A Comparative Study of Acoustic and Linguistic Features Classification for Alzheimer’s Disease Detection
Jinchao Li, Jianwei Yu, Zi Ye, Simon Wong, Manwai Mak, Brian Mak, Xunying Liu, and Helen Meng
With the global population ageing rapidly, Alzheimer’s Disease (AD) is particularly prominent in older adults, which has an insidious onset followed by gradual, irreversible deterioration in cognitive domains (memory, communication, etc). Thus the detection of Alzheimer’s Disease is crucial for timely intervention to slow down disease progression. This paper presents a comparative study of different acoustic and linguistic features for the AD detection using various classifiers. Experimental results on ADReSS dataset reflect that the proposed models using ComParE, X-vector, Linguistics, TFIDF and BERT features are able to detect AD with high accuracy and sensitivity, and are comparable with the state-of-the-art results reported. While most previous work used manual transcripts, our results also indicate that similar or even better performance could be obtained using automatically recognized transcripts over manually collected ones. This work achieves accuracy scores at 0.67 for acoustic features and 0.88 for linguistic features on either manual or ASR transcripts on the ADReSS Challenge test set.

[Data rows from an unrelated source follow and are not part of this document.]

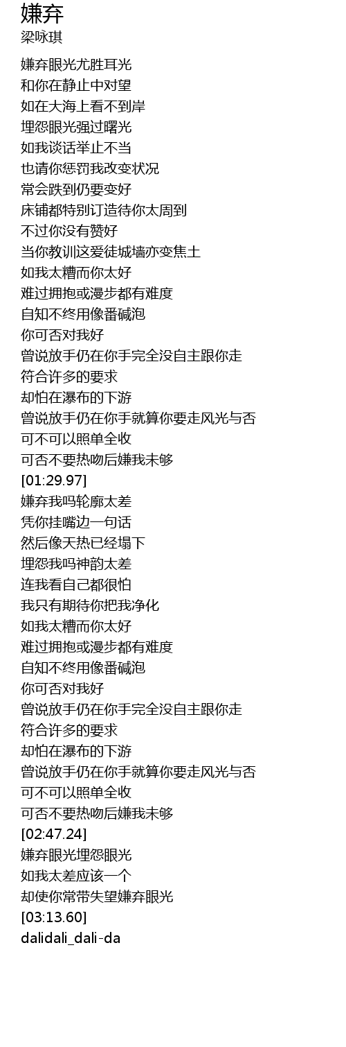 | [01:45.09] | 嫌弃我吗轮廓太差 |
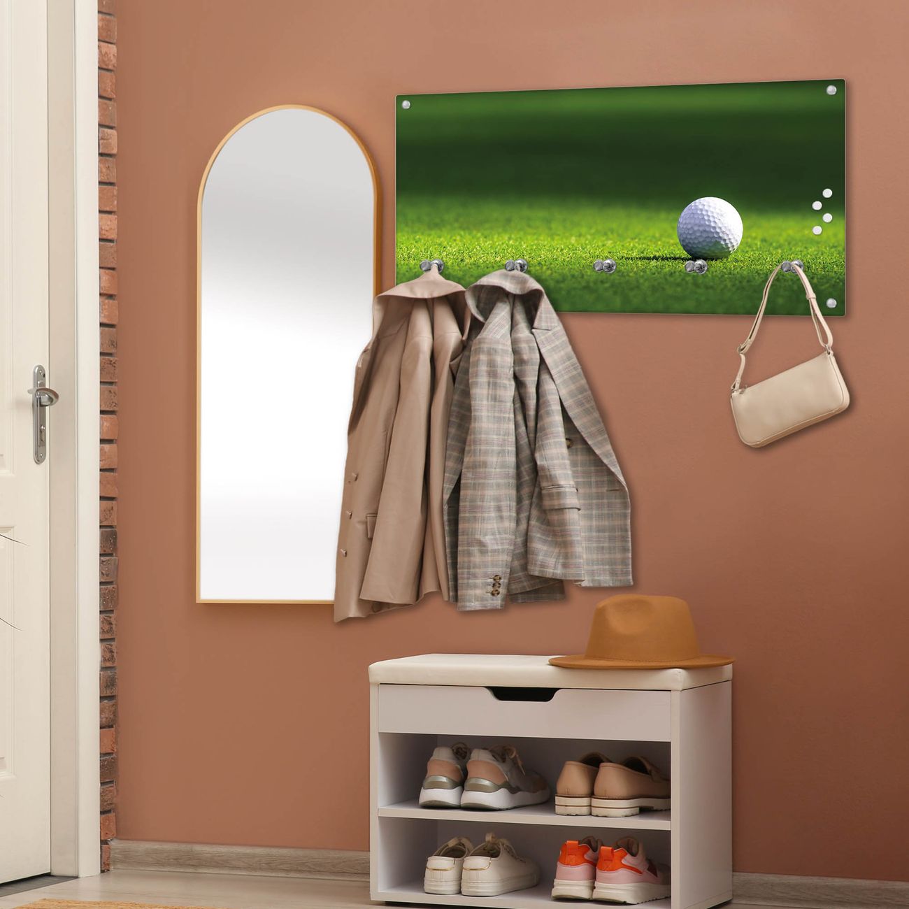 Wandgarderobe Glas 80x40cm Motiv Einsamer Golfball
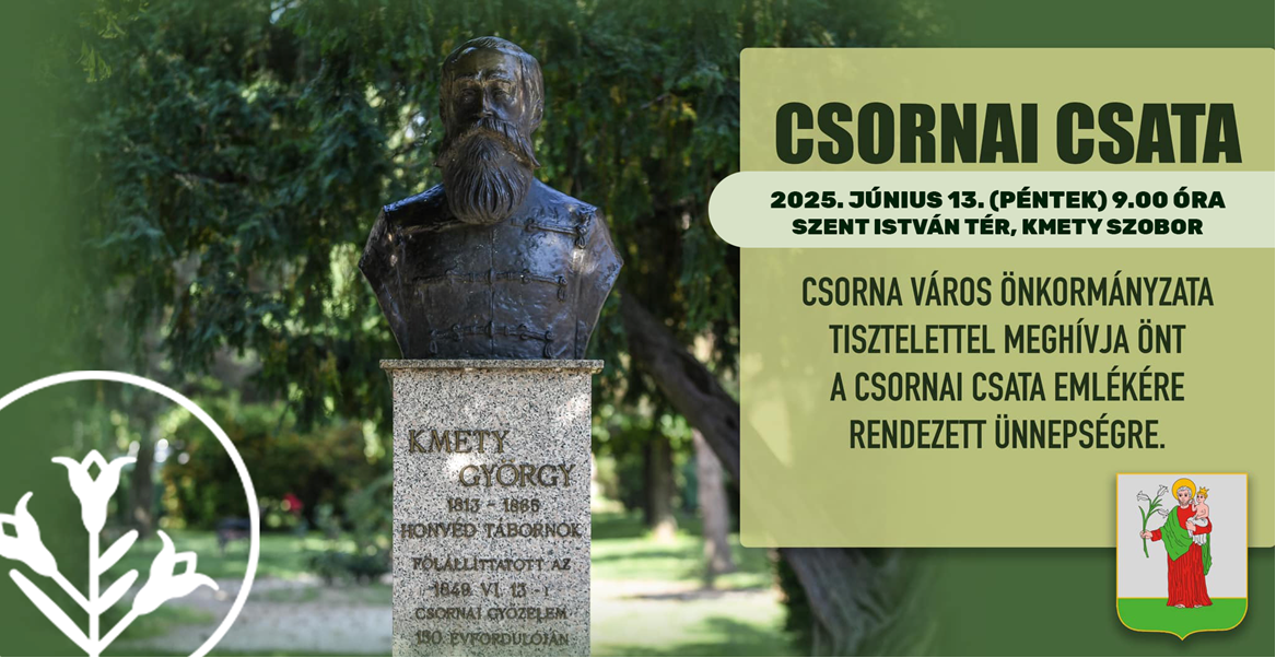 Június 13-án pénteken, reggel 9 órától Csorna városa méltó ünnepség keretében tiszteleg a Csornai Csata hősei előtt a Szent István téren, a Kmety-szobornál.
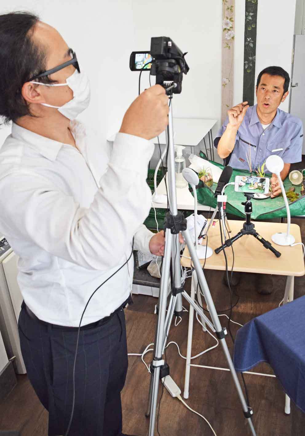 群馬県沼田市の「N3コワーキング&カフェ」。定期的に、オンライン寄せ植え体験講座の配信が行われる場だ。講師は、同県片品村でジニアやケイトウ、マリーゴールドなど約100種類の花壇苗を生産する花苗農家の星野学さん(42)。撮影、司会進行はカフェを運営する若者の起業家有志団体「N3」が担う。 参加者には事前に制作セットが送られ、当日は自宅からスマートフォンやパソコンで受講する。カフェに設置されたテレビには参加者が映り、星野さんが画面越しに質問に答えながら寄せ植えを完成させる。 7月末の講座では、地域のコケや植物をガラスの器に組み合わせる「苔(こけ)テラリウム」を制作。赤ちゃんの世話をしながらの参加や、青森、山梨など遠方からの参加が目立った。星野さんは「周りを気遣いながら講座を受けなければならない人や、移動が困難な人にも受けてもらうことができそうだ」と可能性を感じる。 星野さんは花苗生産の他、利根沼田エリアを中心に埼玉や東京で年間約100回の園芸講座を開いてきた。しかし、新型コロナの影響で3、4月は講座がほとんど中止となった。同時期、パソコンを持ち込み、仕事や会議を行える場所として同カフェのオープンを予定していたN3が、コロナ禍での新たなカフェの使い方として星野さんにオンライン講座開催を持ち掛けた。 N3のディレクター、六本木ユウジさん(40)は「オンライン講座をきっかけに、コロナが落ち着いたときに利根沼田に来てもらえるよう、一層面白い体験を用意しておきたい」と見据える。
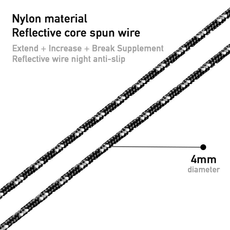 Inclusions: 8pcs of 4m Reflective Nylon String with 8pcs Black Aluminum Tensioner Buckle
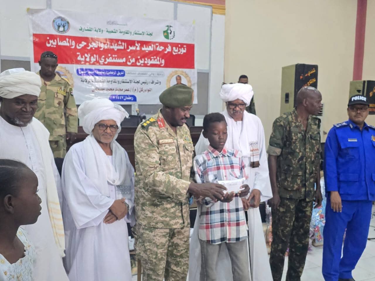 جاء ذلك خلال مخاطبته اليوم بقاعة بلدية القضارف برنامج توزيع فرحة العيد لأسر الشهداء والجرحى والمصابين والمفقودين الذي نفذته المقاومة الشعبية بالولاية بدعم من حكومة الولاية والمقاومة الاتحادية ومنظمتي الشهيد والايثار وديوان الزكاة.
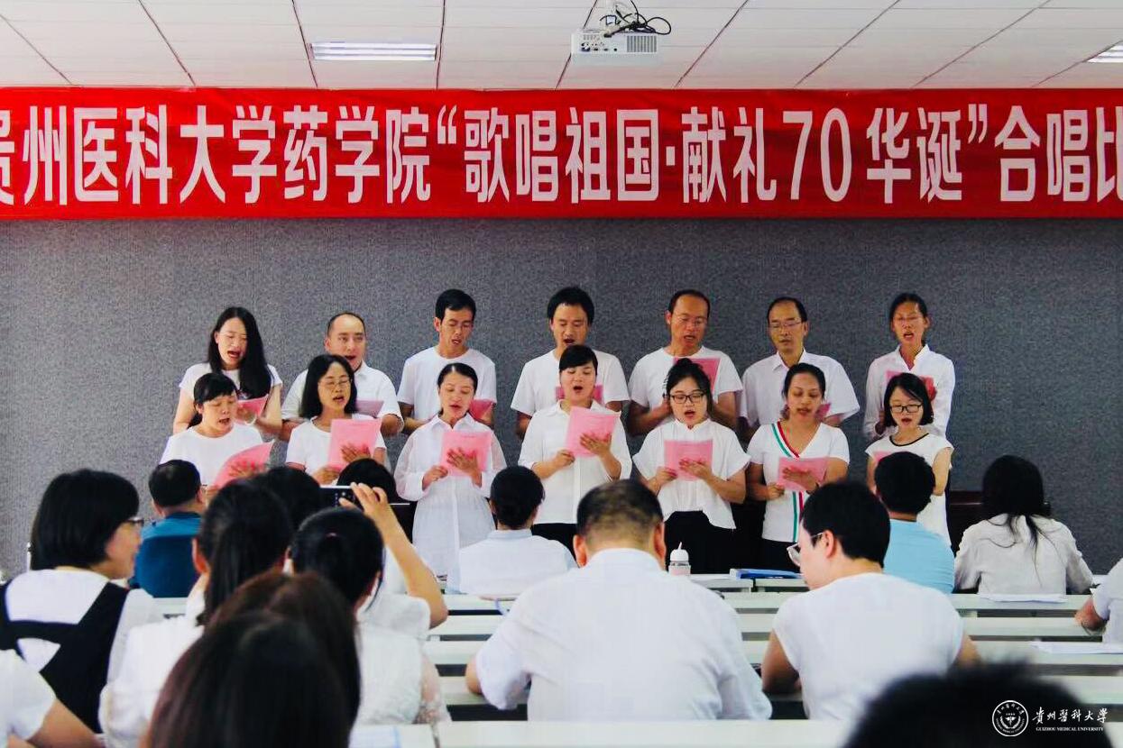 为热烈庆祝中华人民共和国成立70周年,8月29日,药学院党政领导、全体教师共聚格物楼六楼多功能厅,举办“歌唱祖国,献礼70华诞”合唱比赛。
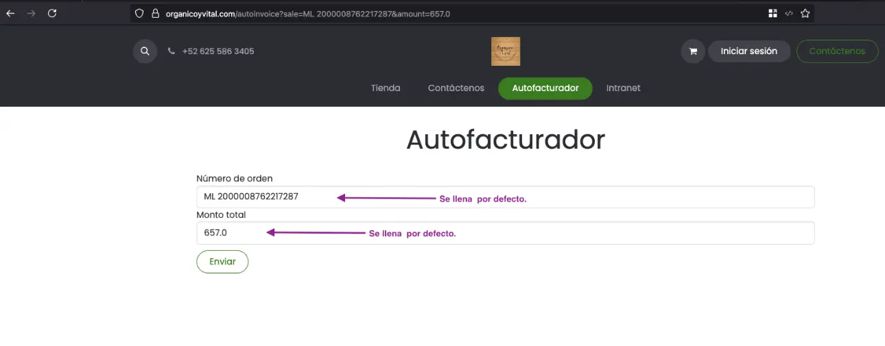 En automático podrá ver que los campos se llenan por defecto con su pedido y monto, solo es necesario dar Enviar.
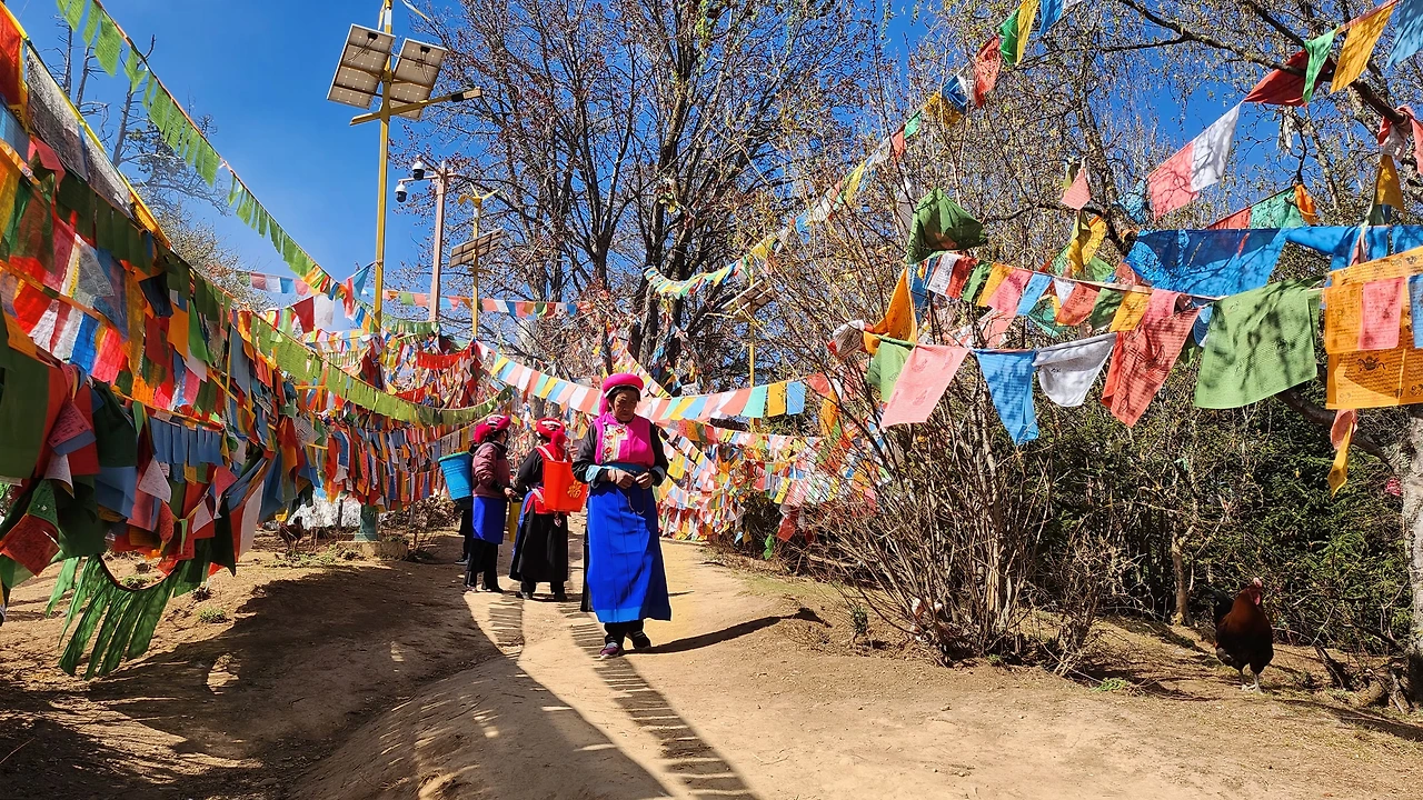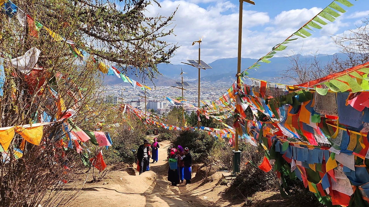 샹그릴라 티베트 불교 사원. 대형 사찰보단 규모가 작지만 현지인들에겐 매우 소중한 기도 공간입니다. 전설에 따르면 한 스님이 절을 지을 자리를 찾던 중 하얀 닭이 알을 품고 있는 자리를 발견하고, 이를 신성하게 여겨 절을 세웠다고 합니다. 오색빛깔의 타르초가 푸른 하늘 아래 아름답게 펼쳐져 있으며, 길고양이처럼 돌아다니는 흑돼지와 닭들을 구경할 수 있습니다. 오전에 방문하면 티베트 주민들의 아침 의식을 체험할 수 있습니다. 입장료는 무료입니다.
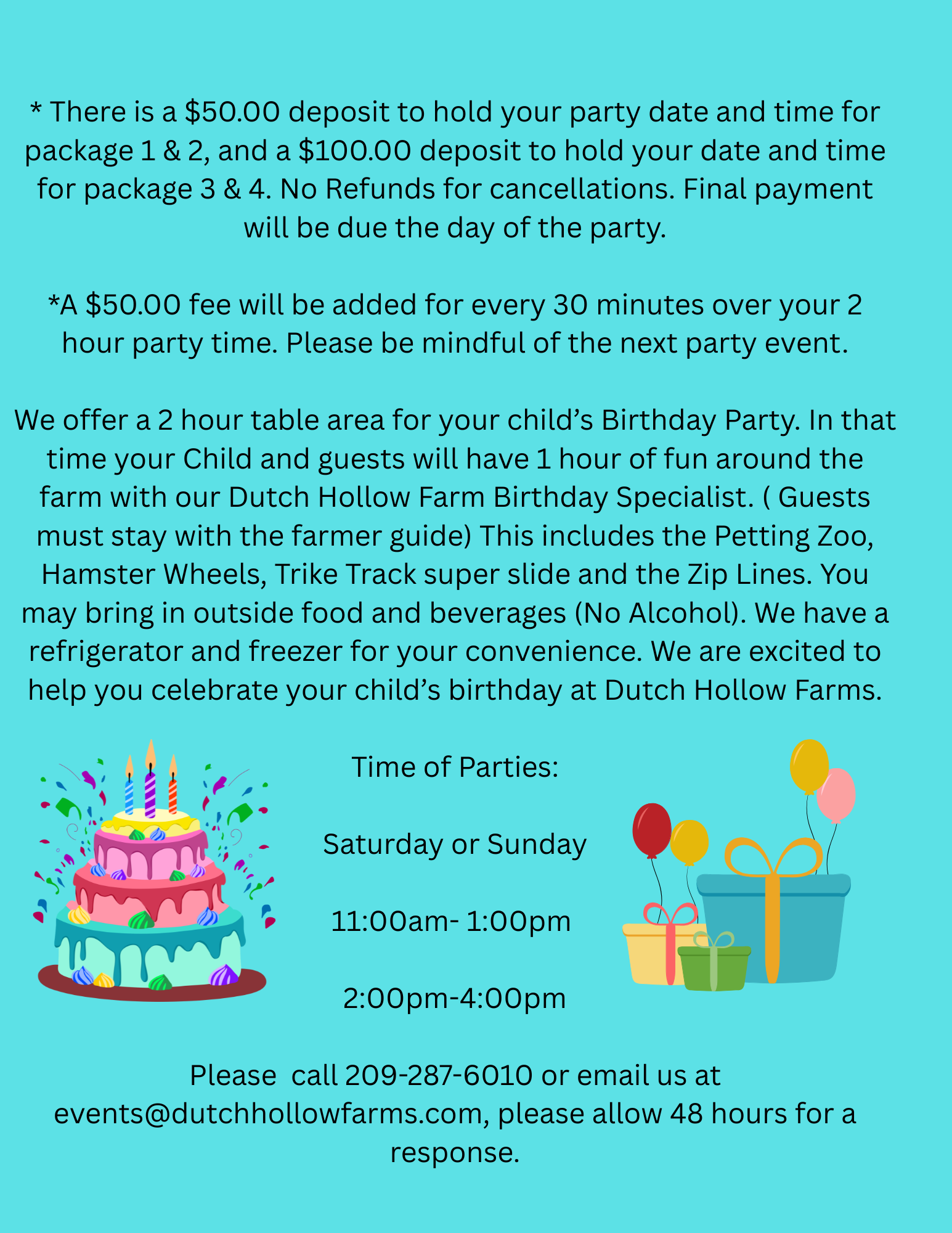 Dutch Hollow is excited to again offer Birthday Parties. We offer a 2-hour table area for your child’s Birthday Party. In that time your child and guests will have 1 hour of fun around the farm with our Dutch Hollow Farm Helper. You may bring in outside food and beverages (No Alcohol). We have a refrigerator and freezer for your convenience. We are excited to help you celebrate your child’s birthday at Dutch Hollow Farms!
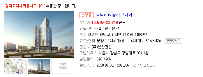 힘찬건설이 경기 평택시 고덕국제신도시에 ‘고덕 헤리움 시그니어’를 선보인다. 고덕 국제화지구 업무용지 11-1-1블록에 위치한 이 오피스텔은 지하 5층, 지상 24층 규모로 전용 20~28㎡ 1144실을 공급한다.
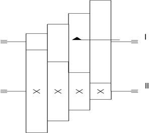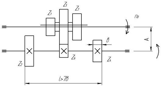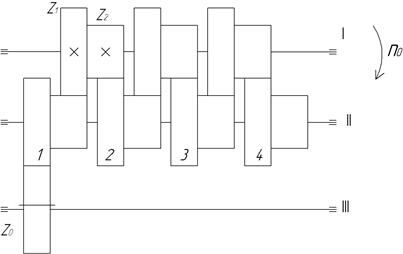 На валу Ι подвижно закреплён трехвенцовый блок (Z1 –Z3 –Z5). На валу Ι Ι неподвижно закреплены 3 шестерни: Z2, Z4, Z6.
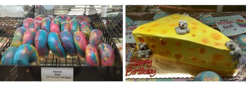 確かに、ピープスは口に入れるのがはばかれるようなけばけばしいネオンカラー。それにしても、スーパーに並ぶ食品のカラフルなことといったら、虹色のベーグルもあり、原色の子供のバースデーケーキあり…。
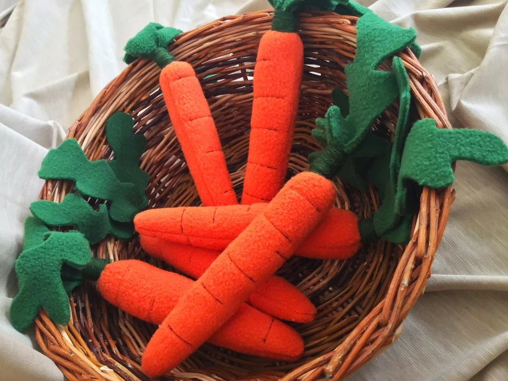 mrkvičky (2ks) v jutovom vrecúšku: hlavý materiál: fleece (polyester), výplň: antialergické duté vlákno (polyester), vrecko: textil (jutovina, polyester)
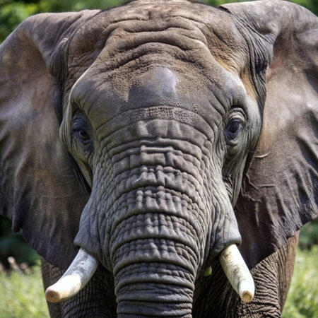 Close-up of an elephant's face, showing detailed texture and a sense of calm wisdom
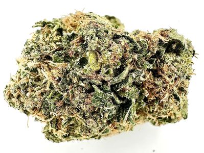 Death Bubba is an indica dominant hybrid (70% indica/30% sativa) strain created as a descendant of the hugely popular Bubba Kush strain. This dank bud boasts an insanely high THC level that ranges between 25-27% and effects that can end in an almost death-like sleep. Almost immediately after smoking, you'll feel a wave of rushing focused energy wash over you that leaves you uplifted and motivated with tendencies towards having psychoactive experiences. As the high continues, you'll be eased into a state of utter relaxation with deep introspection and spaciness that can cause you to become distant in social situations. Upon the comedown from the high, Death Bubba pulls you into a deep and peaceful undisturbed sleep that lasts for hours on end, giving you the appearance of being unwakeable. Death Bubba has an aroma of musky earthy pine and a taste of spicy lemon pine with a hint of pungent earth upon exhale. This bud has medium-sized dark forest green nugs with rich purple undertones and a spattering of fiery orange hairs. Each nug is completely covered with dark olive green leaves that are almost furry and have a thick layer of frosty sandy white trichomes.
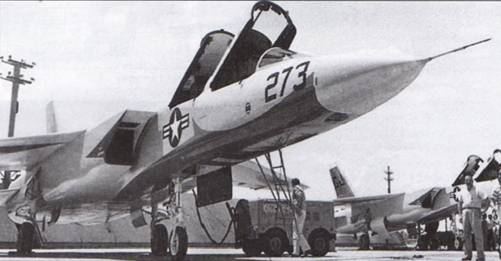 Несколько слов о силовой установке. Оба прототипа и несколько первых серийных «Виджилентов» были оснащены ТРДФ фирмы General Electric J79-GE-2 с тягой на форсаже по 6870 кгс. Следующие самолеты оснащались двигателями J79-GE-4 с усовершенствованным компрессором и увеличенной до 7480 кгс тягой, а затем в дело пошли J79-GE-8/8C. Аналогичные двигатели устанавливали и на другой перспективный самолет ВМС США — F4H-1 Phantom II (см. «АиВ», № 3'2011), что сулило существенную унификацию.

Development of the CUHK Elderly Speech Recognition System for Neurocognitive Disorder Detection Using the DementiaBank Corpus
Zi Ye, Shoukang Hu, Jinchao Li, Xurong Xie, Mengzhe Geng, Jianwei Yu, Junhao Xu, and 4 more authors
Early diagnosis of Neurocognitive Disorder (NCD) is crucial in facilitating preventive care and timely treatment to delay further progression. This paper presents the development of a state-of-the-art automatic speech recognition (ASR) system built on the Dementia-Bank Pitt corpus for automatic NCD detection. Speed perturbation based audio data augmentation expanded the limited elderly speech data by four times. Large quantities of out-of-domain, non-aged adult speech were exploited by cross-domain adapting a 1000-hour LibriSpeech corpus trained LF-MMI factored TDNN system to DementiaBank. The variability among elderly speakers was modeled using i-Vector and learning hidden unit contributions (LHUC) based speaker adaptive training. Robust Bayesian estimation of TDNN systems and LHUC transforms were used in both cross-domain and speaker adaptation. A Transformer language model was also built to improve the final system performance. A word error rate (WER) reduction of 11.72% absolute (26.11% relative) was obtained over the baseline i-Vector adapted LF-MMI TDNN system on the evaluation data of 48 elderly speakers. The best NCD detection accuracy of 88%, comparable to that using the ground truth speech transcripts, was obtained using the textual features extracted from the final ASR system outputs.